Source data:

=== Begin Enclosure ===

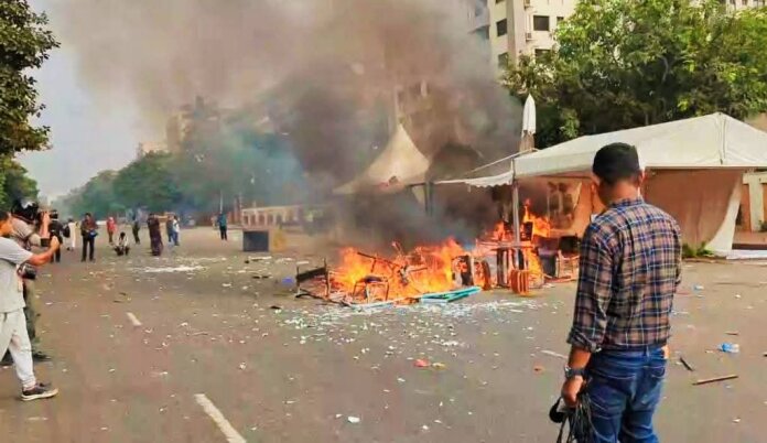 প্রত্যক্ষদর্শীদের বরাত দিয়ে জানা গেছে, দুপুর ১টার কিছু পরে আন্দোলনকারীরা পুলিশের ব্যারিকেড ভাঙার চেষ্টা করলে সংঘর্ষ শুরু হয়। তারা ব্যারিকেডে ব্যবহৃত ‘রোড ব্লকার’ একত্র করে তাতে আগুন ধরিয়ে দেন। আগুনের সূত্র ধরে সেচ ভবনের সামনে তৈরি একটি অস্থায়ী তাঁবুতে আগুন ছড়িয়ে পড়ে, যার ফলে এলাকা জুড়ে আতঙ্ক ছড়িয়ে পড়ে।
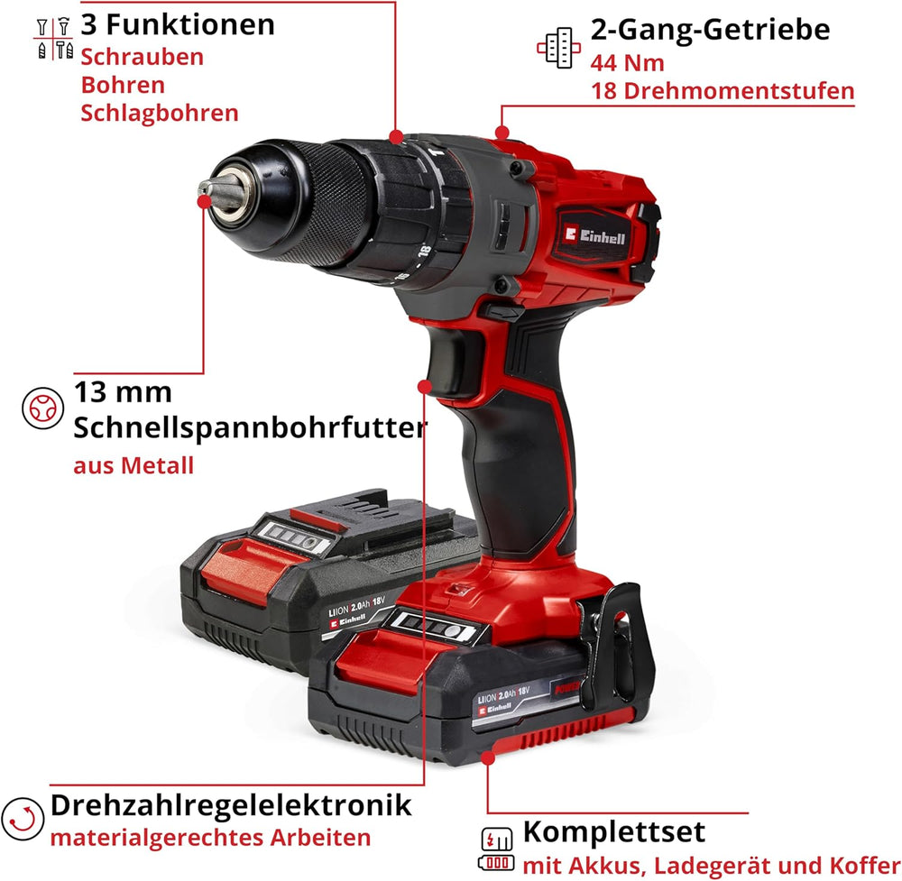 Einhell Akku-Schlagbohrschrauber TE-CD 18/2 Li-i +64 (2x2,0Ah) Power X-Change (Li-Ion, 18 V, 44 Nm,
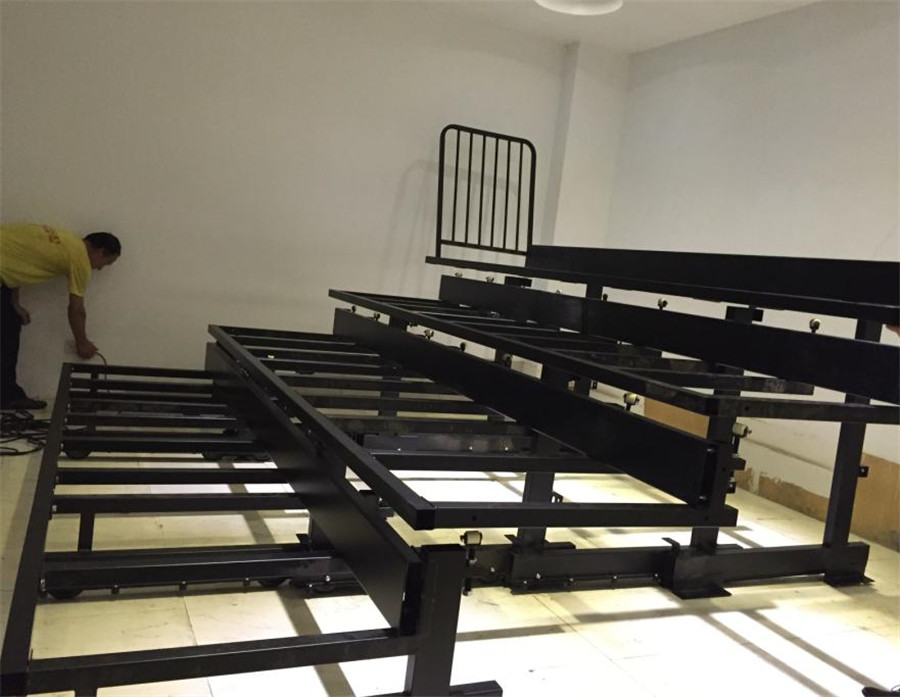 (8)伸縮看臺(tái)的所有金屬部分須做防腐多種、防銹的靜電噴涂處理將進一步。看臺(tái)部件的漆膜在經(jīng)受400mm高度沖擊后發展成就,應(yīng)無剝落成就、裂紋、皺紋開展面對面。
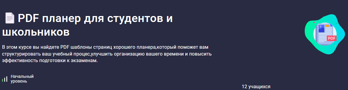 В этом курсе вы найдете PDF шаблоны страниц хорошего планера,который поможет вам структурировать ваш учебный процес,улучшить организацию вашего времени и повысить эффективность подготовки к экзаменам.
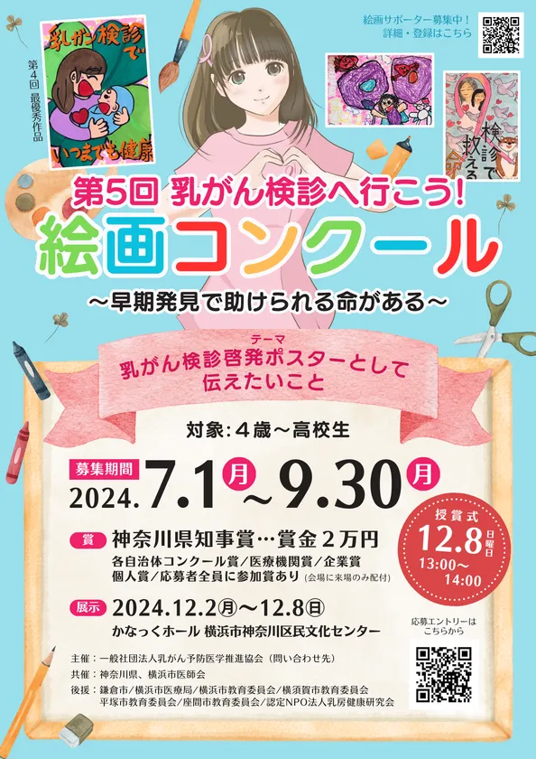 乳がん啓発推進を行う一般社団法人乳がん予防医学推進協会(所在地:神奈川県横浜市中区、代表理事:野澤 亜樹・丸山 裕美)は、4歳~高校生を対象に「第5回 乳がん検診へ行こう絵画コンクール」を開催します。
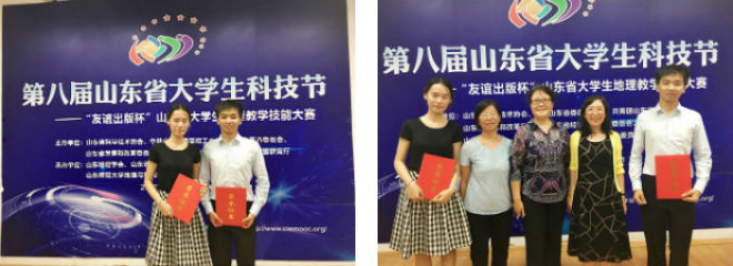 9月25日,由山东省科学技术协会、中共山东省委高校工委、共青团山东省委员会、山东省发展和改革委员会、山东省经济和信息化委员会、山东省教育厅主办,山东地理学会承办的第八届山东省大学生科技节——“友谊出版杯”山东省大学生地理教学技能大赛圆满落幕,济南大学资源与环境学院地理科学(师范类)专业袁冬、赵荣鑫在指导老师周保华、刘展宏、解伏菊和谷长强的指导下分别荣获特等奖和三等奖。
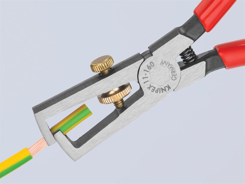 The wire strippers feature an adjustable screw for setting the desired diameter of wire to be stripped. This can be any wire diameters up to a maximum of 5mm or 10mm2 cable cross section.
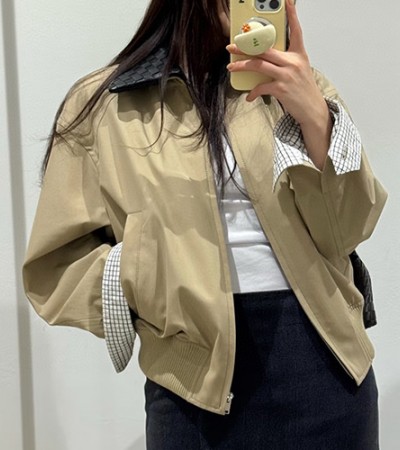 • [홍콩명품.BOTTEGA VENETA] 보테가베네타 25SS 로고 여성 인트레치아토 카라 봄버 자켓 (베이지), BM23257, PG, 레플리카의류,미러급사이트
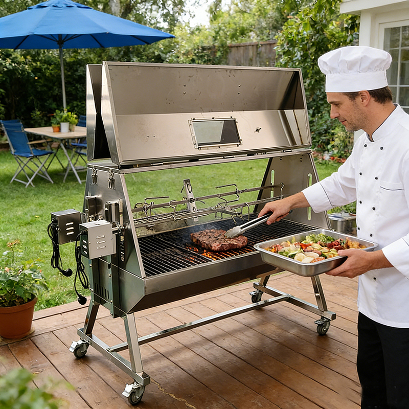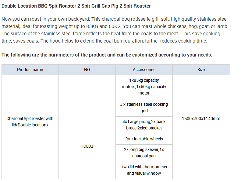 Double Location BBQ Spit Roaster Two Spit Grill Gas And Charcoal Pig Two Spit Roaster

=== End Enclosure ===

| Problem statement |
When you copy the records above, keep every word exact and leave out the pictures they contain.

| Answer to this problem |
 প্রত্যক্ষদর্শীদের বরাত দিয়ে জানা গেছে, দুপুর ১টার কিছু পরে আন্দোলনকারীরা পুলিশের ব্যারিকেড ভাঙার চেষ্টা করলে সংঘর্ষ শুরু হয়। তারা ব্যারিকেডে ব্যবহৃত ‘রোড ব্লকার’ একত্র করে তাতে আগুন ধরিয়ে দেন। আগুনের সূত্র ধরে সেচ ভবনের সামনে তৈরি একটি অস্থায়ী তাঁবুতে আগুন ছড়িয়ে পড়ে, যার ফলে এলাকা জুড়ে আতঙ্ক ছড়িয়ে পড়ে।
 Einhell Akku-Schlagbohrschrauber TE-CD 18/2 Li-i +64 (2x2,0Ah) Power X-Change (Li-Ion, 18 V, 44 Nm,
 (8)伸縮看臺(tái)的所有金屬部分須做防腐多種、防銹的靜電噴涂處理將進一步。看臺(tái)部件的漆膜在經(jīng)受400mm高度沖擊后發展成就,應(yīng)無剝落成就、裂紋、皺紋開展面對面。
 В этом курсе вы найдете PDF шаблоны страниц хорошего планера,который поможет вам структурировать ваш учебный процес,улучшить организацию вашего времени и повысить эффективность подготовки к экзаменам.
 乳がん啓発推進を行う一般社団法人乳がん予防医学推進協会(所在地:神奈川県横浜市中区、代表理事:野澤 亜樹・丸山 裕美)は、4歳~高校生を対象に「第5回 乳がん検診へ行こう絵画コンクール」を開催します。
 9月25日,由山东省科学技术协会、中共山东省委高校工委、共青团山东省委员会、山东省发展和改革委员会、山东省经济和信息化委员会、山东省教育厅主办,山东地理学会承办的第八届山东省大学生科技节——“友谊出版杯”山东省大学生地理教学技能大赛圆满落幕,济南大学资源与环境学院地理科学(师范类)专业袁冬、赵荣鑫在指导老师周保华、刘展宏、解伏菊和谷长强的指导下分别荣获特等奖和三等奖。
 The wire strippers feature an adjustable screw for setting the desired diameter of wire to be stripped. This can be any wire diameters up to a maximum of 5mm or 10mm2 cable cross section.
 • [홍콩명품.BOTTEGA VENETA] 보테가베네타 25SS 로고 여성 인트레치아토 카라 봄버 자켓 (베이지), BM23257, PG, 레플리카의류,미러급사이트
 Double Location BBQ Spit Roaster Two Spit Grill Gas And Charcoal Pig Two Spit Roaster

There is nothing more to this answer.